Items from a dataset
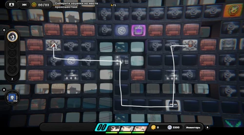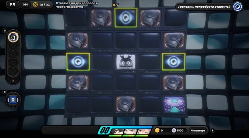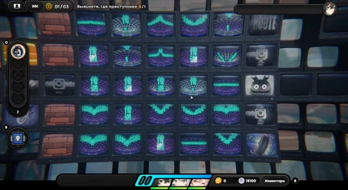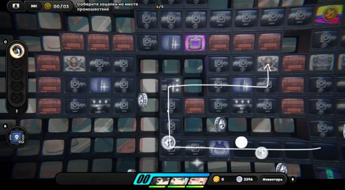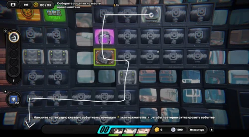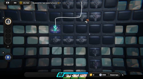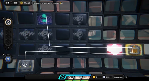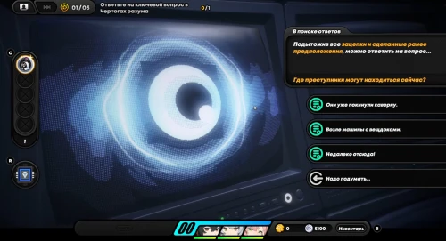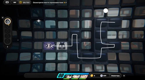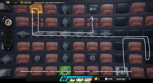 Появившись на игровом поле, начните двигаться вниз, собирая по краям монетки. Затем встаньте на зону наблюдения для разблокировки новой области слева. Соберите первую зацепку с левой стороны. Вы получите плагин психорезонанса, использование которого (клавиша «R») позволит вам перенестись в особую локацию, где происходит формирование вопросов при сборе достаточного количества улик.
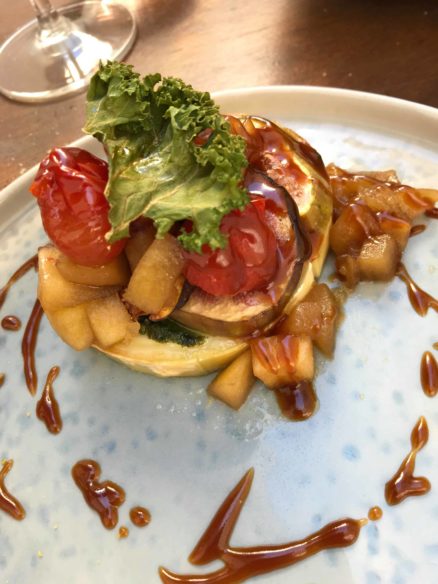 Als afsluiter krijgen we een taartje in z’n hartige vorm: sweet fig with goat cheese and confit tomato. Warme geitenkaas werkt altijd, ook in een midden-oosterse setting en zeker als soortement dessert van een gedeeld menu.
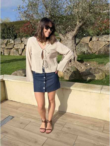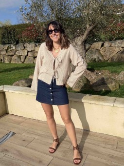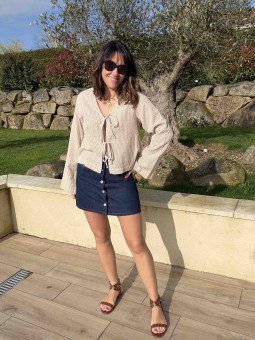 Aperçu rapide NouveauBLOUSE ZOE Blouse à nouer en seersucker Motif vichy beige Manches longues... 36,99 € BEIGE XS S M L XL Ajouter au panier favorite 0 Jupe courte en denim brutTaille hauteLucie mesure 1m65
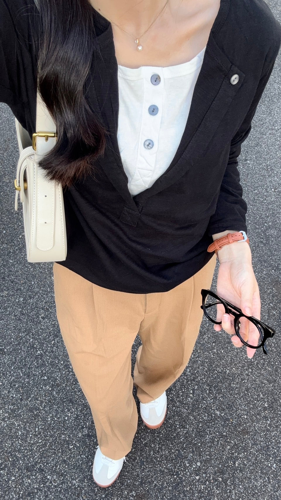 ボタン付きのフロントデザインがアクセントになり、カジュアルからきれいめまで幅広く活躍。
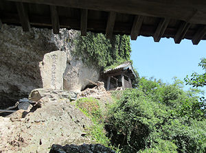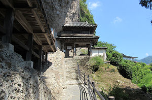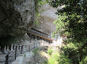写真上段 左 リフトを降りて寺に向かう。「千体地蔵」が見える 中 正面に見えるのが「山門」。左端に見えるのは「千体地蔵」 右 岩にめり込むように建てられている「本堂」 写真下段 |
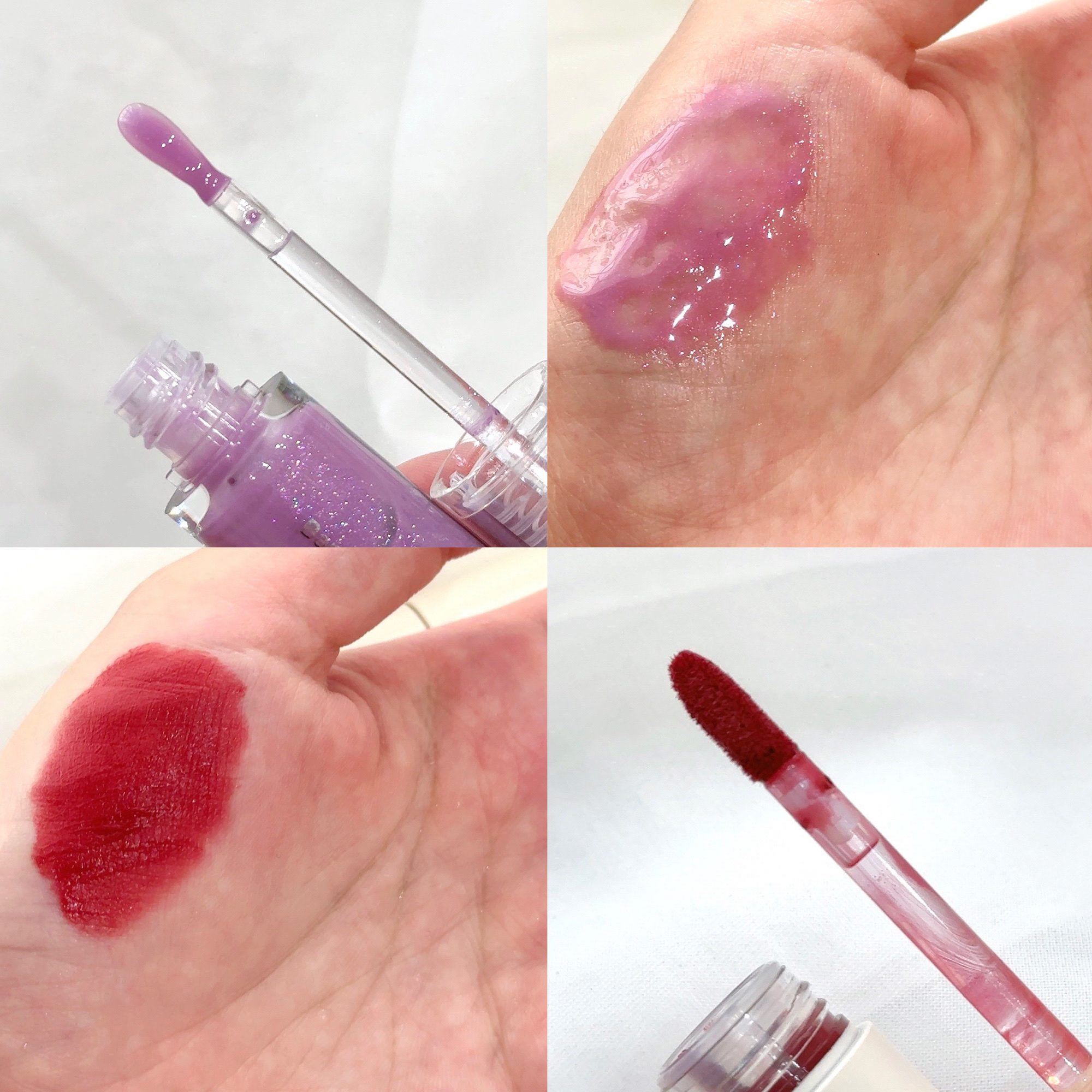 どちらも透明感のある発色で潤みのあるナチュラルな仕上がり🫶 塗ってみるとパール感はそこまでなくて派手になり過ぎない印象😌光に当たるとキラキラ光るから可愛い💄 レッドフレークは優しい赤色にシルバーパール入りのリップ コーラルスノーはヌーディなオレンジカラーにゴールドパール入りのリップ 動画で見るとパール感伝わりやすいかも✨️ꪔ̤̮
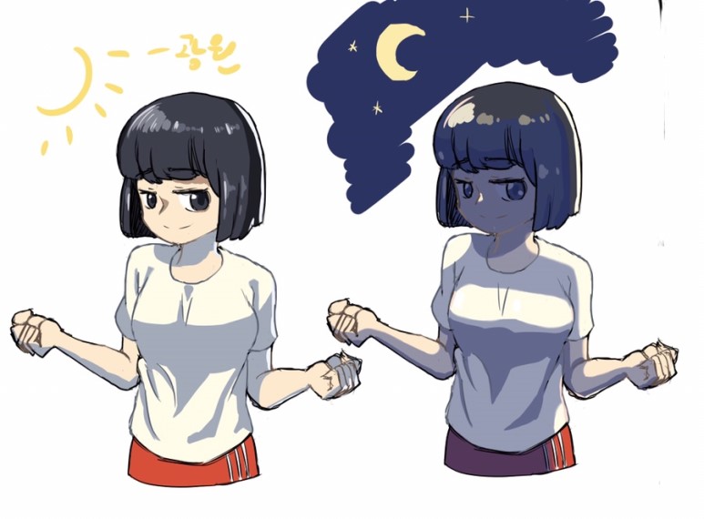 햇빛이 강할 때와, 밤 중에 빛의 양이 부족할 때 차이 채색
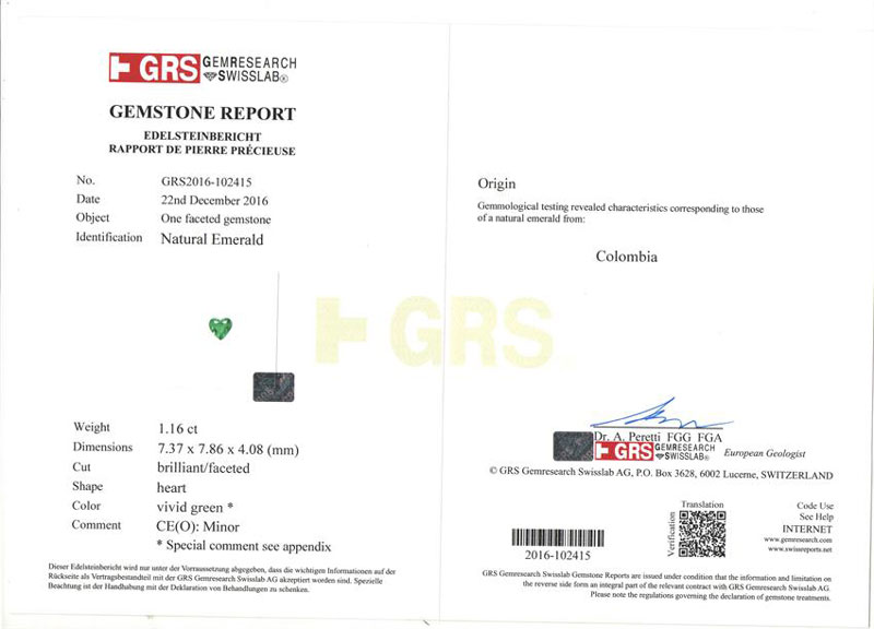 哥伦比亚祖母绿裸石1.16vivid muzo 心形 木佐绿
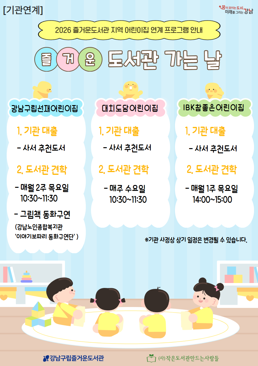 ※본 프로그램은 지역 어린이집 기관연계 프로그램으로 별도의 모집을 받지 않습니다. [기관연계][2026 즐거운도서관 어린이 견학 프로그램- '즐거운' 도서관 가는 날]
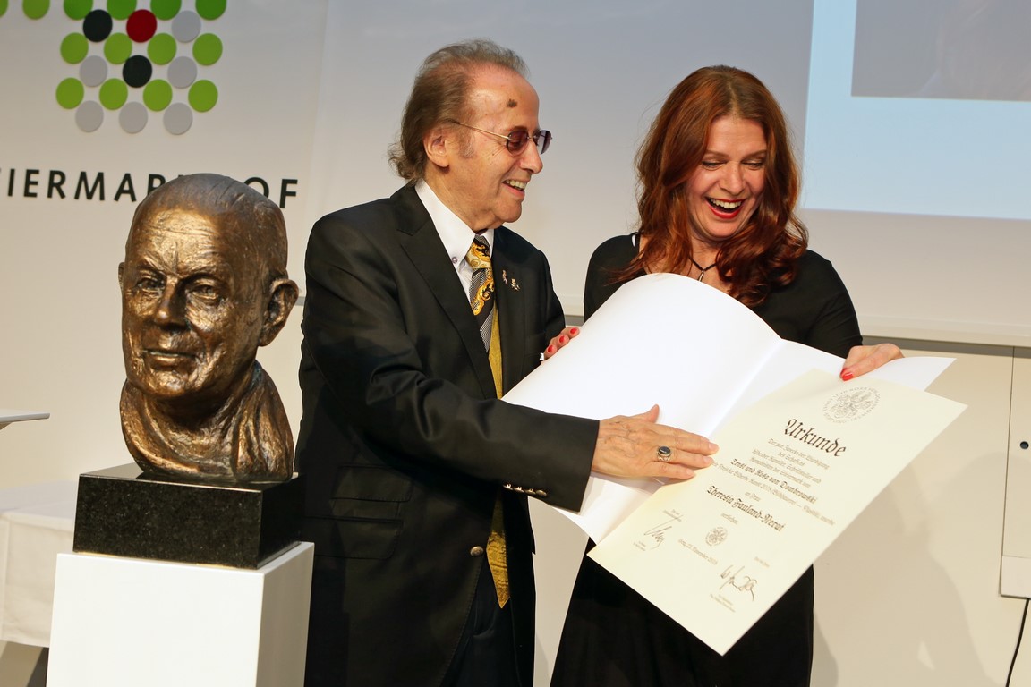 Die wohl wichtigste Auftragsarbeit erhielt sie 2013 von der Vereini-gung der österreichischen Staatsanwältinnen und Staatsanwälte. Sie wurde mit der Planung und Ausführung der Preisträger Skulptur des ,Wolfgang Swoboda Preis für Menschlichkeit im Strafverfahren‘ beauftragt. Entstanden ist eine Skulptur aus Eisenguss in einer Auflage von 11 Stück. „Bei der ersten Preisverleihung 2014 im Obersten Gerichtshof in Wien an Karl Markovics war ich sehr aufgeregt. Ich hatte die Ehre, nach dem Justizminister eine Rede an die Festgäste zu halten. Darin habe ich den kreativen und aus-führenden Prozess zur Entstehung der Skulptur erklärt.“ Der Preis wird fast jährlich überreicht und Theresia freut sich, als Ehrengast dem Festakt immer bei wohnen zu dürfen.
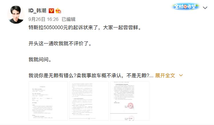 特斯拉起诉的车主之一就是韩潮。这位天津Model S车主自2019年以来一直在指控特斯拉欺诈,声称特斯拉将一辆经过大修的二手车卖给了他。韩潮在其微博上称特斯拉为“流氓公司”,并指控特斯拉向法庭撒谎。随后,特斯拉提起反诉,称韩潮发表了“未经证实、没有根据、诽谤性言论”,寻求500万元(约合78.5万美元)赔偿金和5万元的“合理费用”。
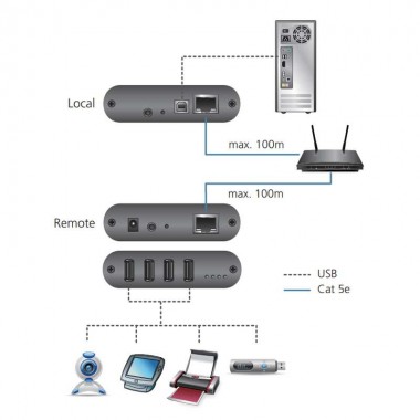• 1 x Extensor USB 2.0 a través de LAN Cat 5 de 4 puertos UEH4102L (unidad local)
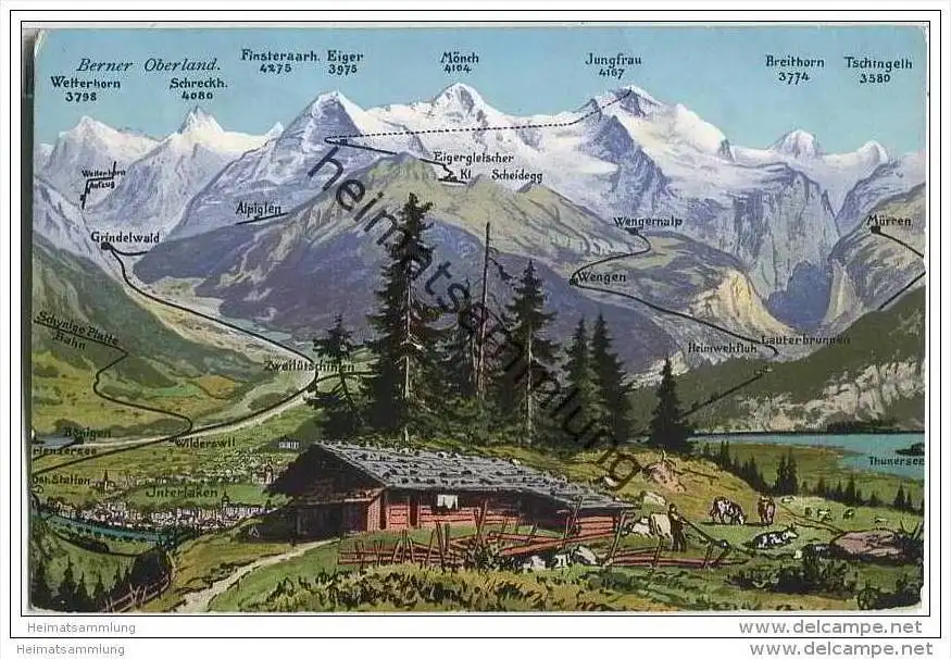 Berner Oberland - Panoramakarte (G26398) gel. 1912
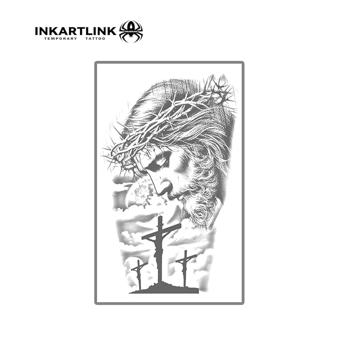 INKARTLINK Semi Permanent Tattoo, party tattoo, beautiful and realistic design, fun tattoo experience, cruelty-free, non-reflective, waterproof (Jesus 2)
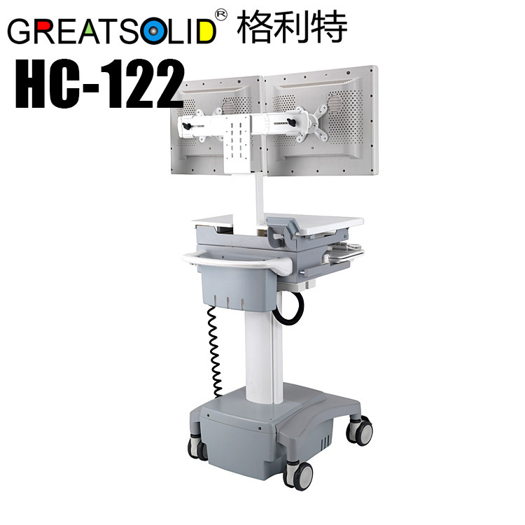 格利特 HC系列电脑双屏显示器支架推车 电脑移动医用推车 医疗推车/电脑推车 HC-121/HC-101,用于医疗领域等其他领域,方便医疗工作者工作使用,具有多关节多角度和移动范围偏转变换,本产品利用人体工学原理制造,体现人性化的办公模式。
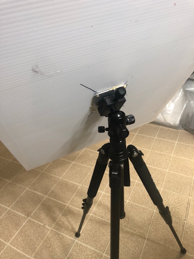 Here it is showing the tripod. The board will pop off to make carrying easier. I probably should add a handle or cut one out with my packing knife and tape it too. We shall see.
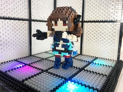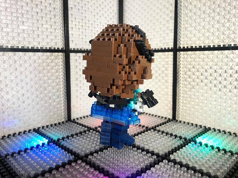 髪の毛の表現はうまくいったと思いますが、眉毛の表現が伝わっているかどうか…。ナノブロックプラスのように高さが半分のナノブロックパーツがあれば、もっと眉毛っぽく出来るのかな~と思うのですが。
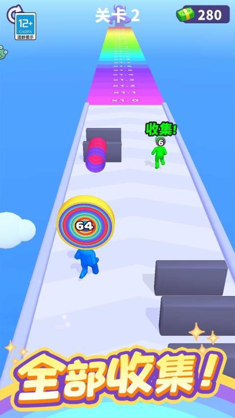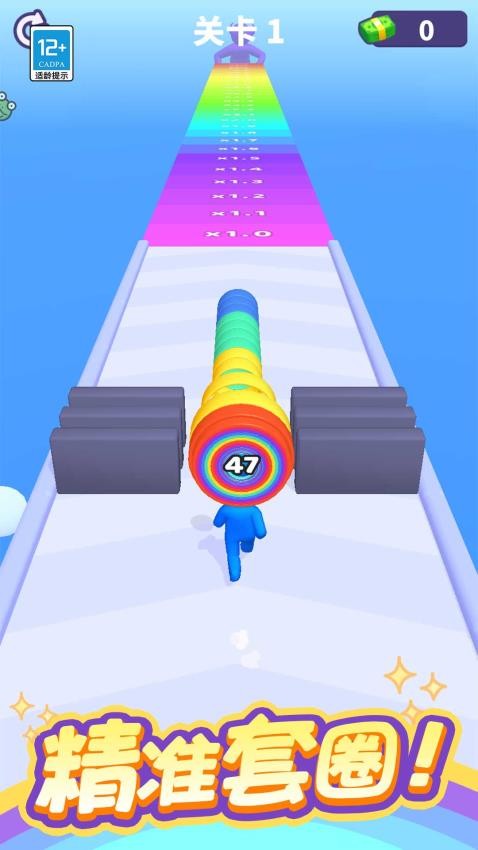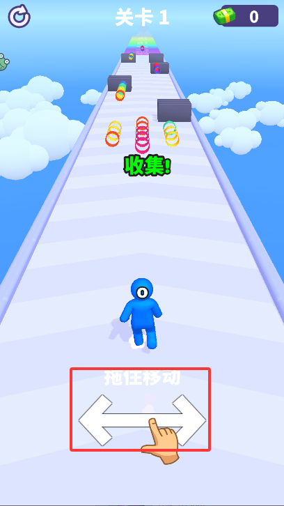 3、开始游戏后,左右滑动屏幕即可移动人物收集胶圈。

* EXERCISE *
Where pictures appear, omit them, and transcribe exactly, with nothing else, the lines from the line with "프로그램- '즐거운' 도서관 가는 날]" through the final line of the records above, both ends included.

* YOUR RESPONSE *
 ※본 프로그램은 지역 어린이집 기관연계 프로그램으로 별도의 모집을 받지 않습니다. [기관연계][2026 즐거운도서관 어린이 견학 프로그램- '즐거운' 도서관 가는 날]
 Die wohl wichtigste Auftragsarbeit erhielt sie 2013 von der Vereini-gung der österreichischen Staatsanwältinnen und Staatsanwälte. Sie wurde mit der Planung und Ausführung der Preisträger Skulptur des ,Wolfgang Swoboda Preis für Menschlichkeit im Strafverfahren‘ beauftragt. Entstanden ist eine Skulptur aus Eisenguss in einer Auflage von 11 Stück. „Bei der ersten Preisverleihung 2014 im Obersten Gerichtshof in Wien an Karl Markovics war ich sehr aufgeregt. Ich hatte die Ehre, nach dem Justizminister eine Rede an die Festgäste zu halten. Darin habe ich den kreativen und aus-führenden Prozess zur Entstehung der Skulptur erklärt.“ Der Preis wird fast jährlich überreicht und Theresia freut sich, als Ehrengast dem Festakt immer bei wohnen zu dürfen.
 特斯拉起诉的车主之一就是韩潮。这位天津Model S车主自2019年以来一直在指控特斯拉欺诈,声称特斯拉将一辆经过大修的二手车卖给了他。韩潮在其微博上称特斯拉为“流氓公司”,并指控特斯拉向法庭撒谎。随后,特斯拉提起反诉,称韩潮发表了“未经证实、没有根据、诽谤性言论”,寻求500万元(约合78.5万美元)赔偿金和5万元的“合理费用”。
• 1 x Extensor USB 2.0 a través de LAN Cat 5 de 4 puertos UEH4102L (unidad local)
 Berner Oberland - Panoramakarte (G26398) gel. 1912
 INKARTLINK Semi Permanent Tattoo, party tattoo, beautiful and realistic design, fun tattoo experience, cruelty-free, non-reflective, waterproof (Jesus 2)
 格利特 HC系列电脑双屏显示器支架推车 电脑移动医用推车 医疗推车/电脑推车 HC-121/HC-101,用于医疗领域等其他领域,方便医疗工作者工作使用,具有多关节多角度和移动范围偏转变换,本产品利用人体工学原理制造,体现人性化的办公模式。
 Here it is showing the tripod. The board will pop off to make carrying easier. I probably should add a handle or cut one out with my packing knife and tape it too. We shall see.
 髪の毛の表現はうまくいったと思いますが、眉毛の表現が伝わっているかどうか…。ナノブロックプラスのように高さが半分のナノブロックパーツがあれば、もっと眉毛っぽく出来るのかな~と思うのですが。
 3、开始游戏后,左右滑动屏幕即可移动人物收集胶圈。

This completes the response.